Saving a file "in the background" -- How?

Fri Oct 31 08:07:42 EDT 2014

Virgil Stokes <vs at it.uu.se> writes:

> While running a python program I need to save some of the data that is
> being created. I would like to save the data to a file on a disk
> according to a periodical schedule  (e.g. every 10
> minutes). Initially, the amount of data is small (< 1 MB) but after
> sometime the amount of data can be >10MB. If a problem occurs during
> data creation, then the user should be able to start over from the
> last successfully saved data.
>
> For my particular application, no other file is being saved and the
> data should always replace (not be appended to) the previous data
> saved. It is important that  the data be saved without any obvious
> distraction to the user who is busy creating more data.

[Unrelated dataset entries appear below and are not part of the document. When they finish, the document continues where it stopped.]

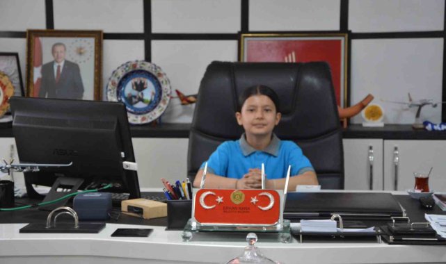 Başkan Erkan Kara, 23 Nisan Ulusal Egemenlik ve Çocuk Bayramı dolayısıyla Fatih Ortaokulu 5. sınıf öğrencisi Ayşe Akkaya ve Ziya Gökalp Nurettin Kelem Ortaokulu 5. sınıf öğrencisi Gülhizar Durak'a sırayla temsili olarak makamını devretti.
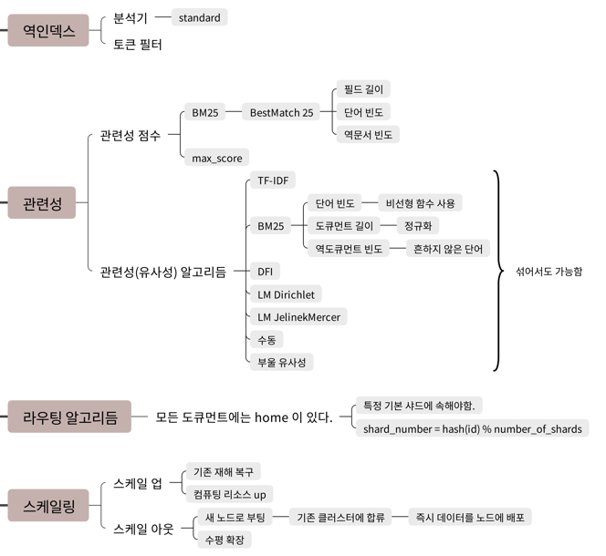- 검색: 역인덱스를 통해 빠른 검색이 가능하고, 각 노드의 샤드를 통해 병렬로 처리됩니다.
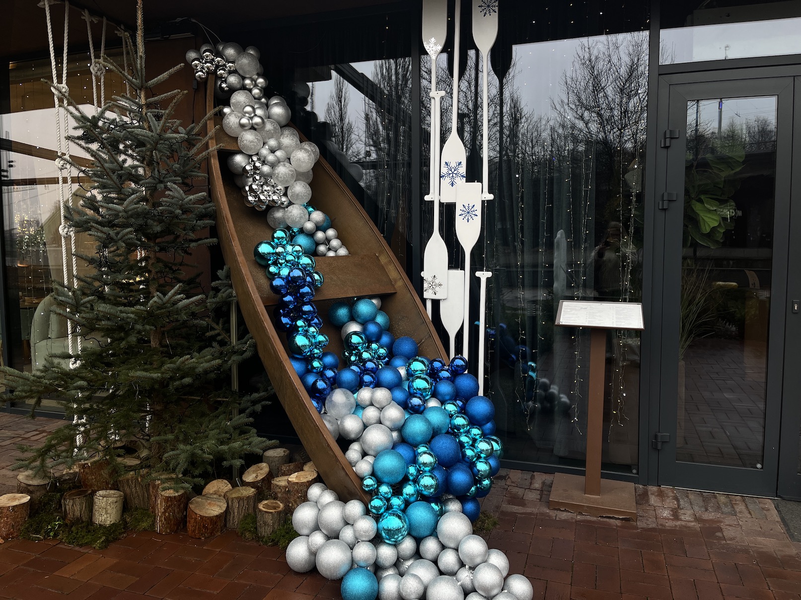 Водную тему рыбного ресторана поддерживает праздничная инсталляция с лодкой и пышным каскадом ёлочных шаров серебристого и бирюзово-синего оттенков на входе.
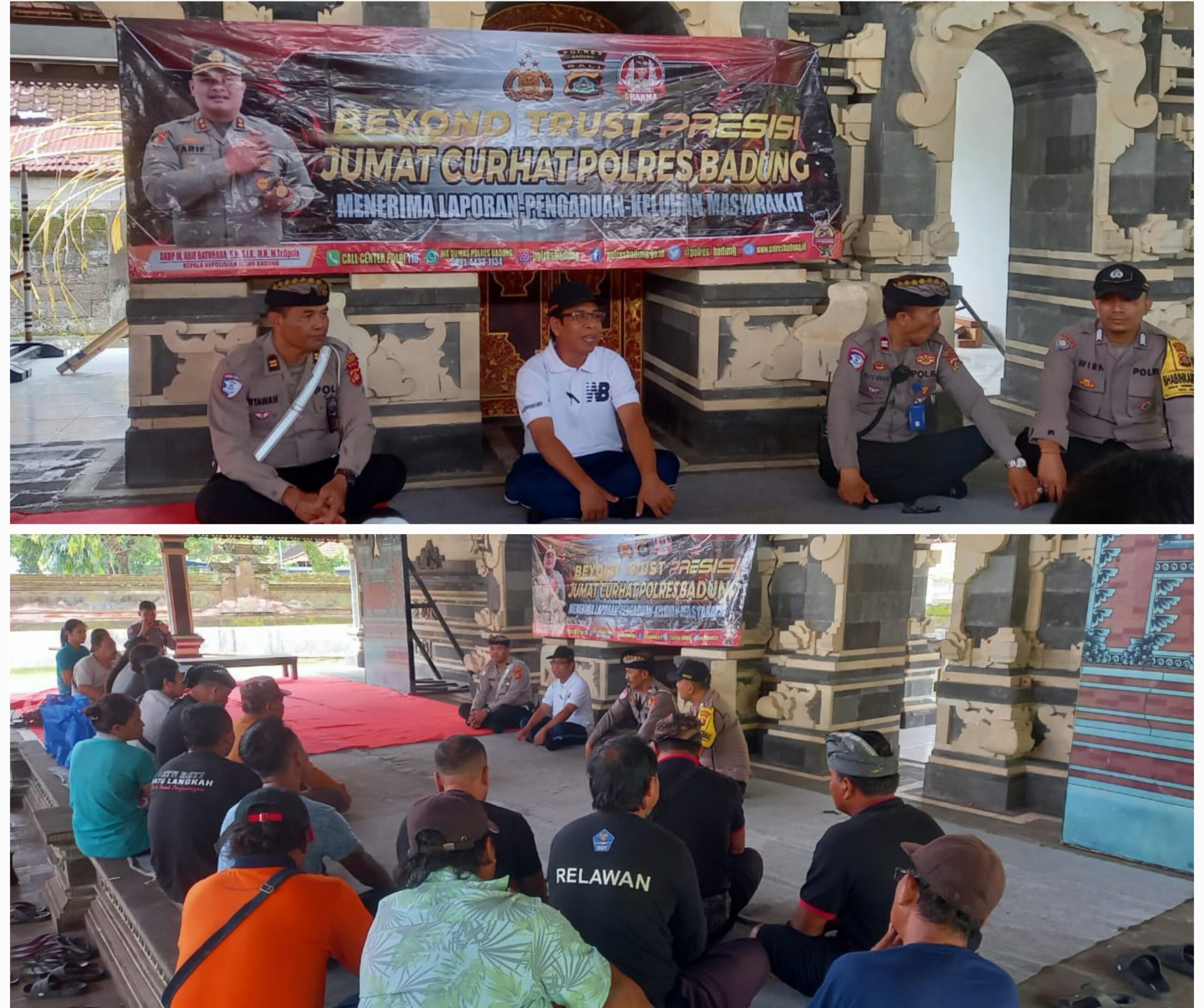 Mangupura – 1fakta.com | Guna menciptakan situasi kamtibmas yang kondusif Polres Badung menggelar Jumat Curhat yang merupakan salah satu program unggulan dari Kapolri (Program Beyond Trust Presisi), Kegiatan Jumat Curhat ini sebagai bagian dari upaya mendekatkan diri dengan masyarakat dan mendengarkan langsung aspirasi serta keluhan warga. Kegiatan kali ini diadakan di Wantilan Pura Puseh Desa Adat Werdibuana, Kecamatan Mengwi Kabupaten Badung, Bali. Jumat, 31 Januari 2026 Siang.
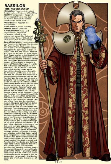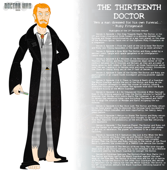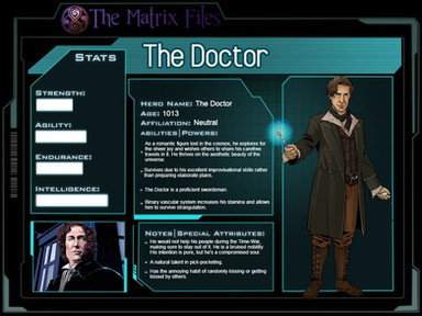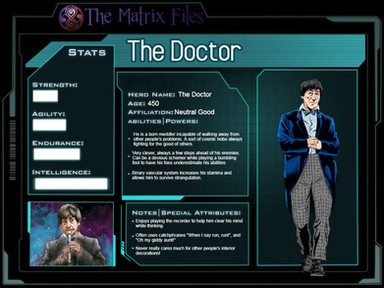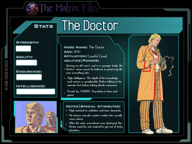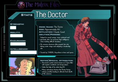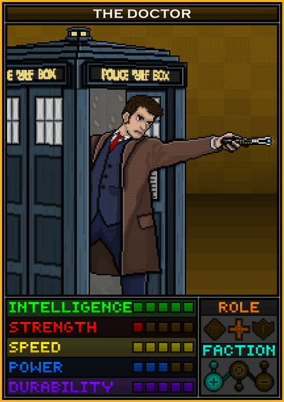 A true pioneer carving a path through the cosmos as a defender of justice. He is more of an intellectual incarnation leaving the fisticuffs to others due to his elderly and frail appearance. Yet the Doctor never gives up a sense of what is right or wrong as he becomes a cosmic caregiver for the universe.The artwork on the right is done by Mr-Saxon. I only edited together the pieces. Other art is done by John Ridgeway.
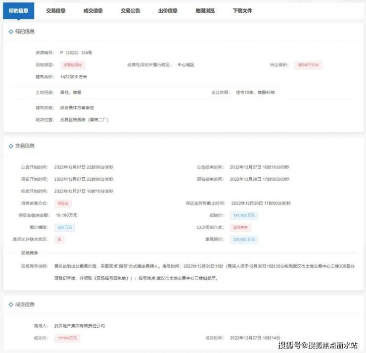 该项目即P(2022)134号地块,也就是武昌区杨园国棉二厂地块,2022年12月27日该地块由武汉地产集团有限责任公司底价拍得,成交楼面价约13400.8元/平。
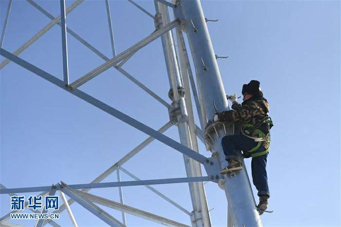 1月26日,国家电网长春供电公司输电运检室带电作业班班长杨忠武徒手爬上高压线塔。新华社记者 张楠 摄
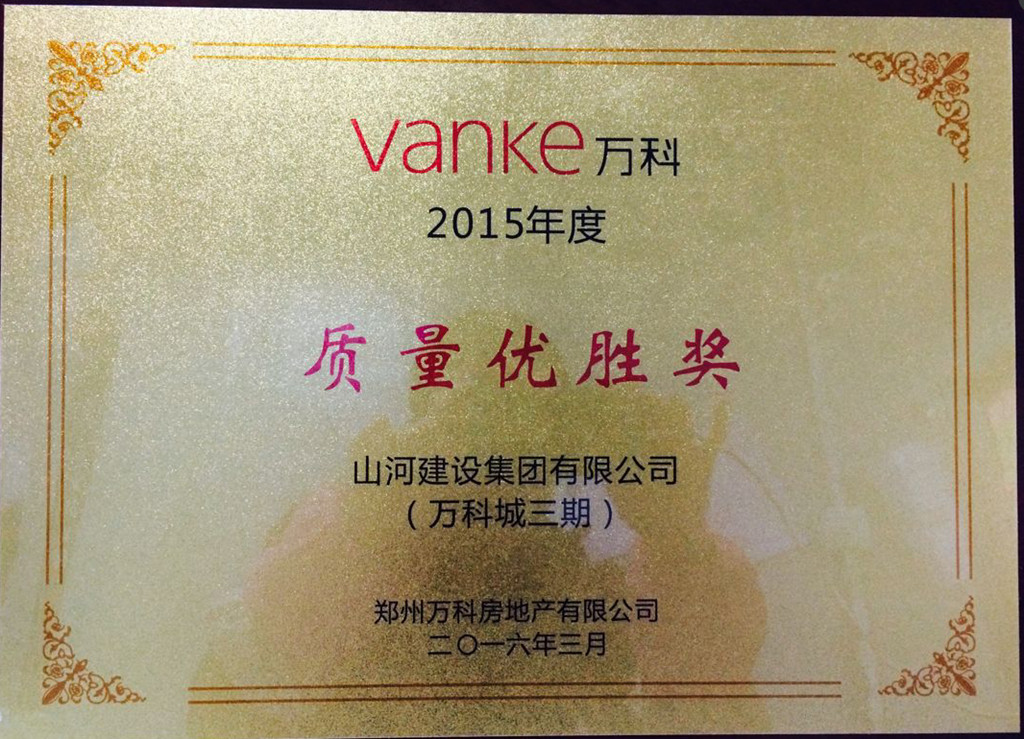3月10日,郑州万科房地产有限公司举办了“2016合作方目标与行动沟通会暨颁奖典礼”,与郑州万科合作的各家单位均有代表参加会议。九游·体育(jiuyou.com)官方网站九游·体育(jiuyou.com)官方网站凭借过硬的质量品质,承建的万科城三期项目荣获郑州万科颁发的“质量优胜奖”。

That is, I
> would like to save the data "in the background".
>
> What is a good method to perform this task using Python 2.7.8 on a
> Win32 platform?

There are several requirements:

- save data asynchroniously -- "without any obvious distraction to the
  user"
- save data durably -- avoid corrupting previously saved data or
  writing only partial new data e.g., in case of a power failure
- do it periodically -- handle drift/overlap gracefully in a documented
  way 

A simple way to do asynchronios I/O on Python 2.7.8 on a Win32 platform
is to use threads:

  t = threading.Thread(target=backup_periodically, kwargs=dict(period=600))
  t.daemon = True # stop if the program exits
  t.start()

where backup_periodically() backups data every period seconds: 

  import time

  def backup_periodically(period, timer=time.time, sleep=time.sleep):
      start = timer()
      while True:
          try:
              backup()
          except Exception: # log exceptions and continue
              logging.exception() 
          # lock with the timer 
          sleep(period - (timer() - start) % period) 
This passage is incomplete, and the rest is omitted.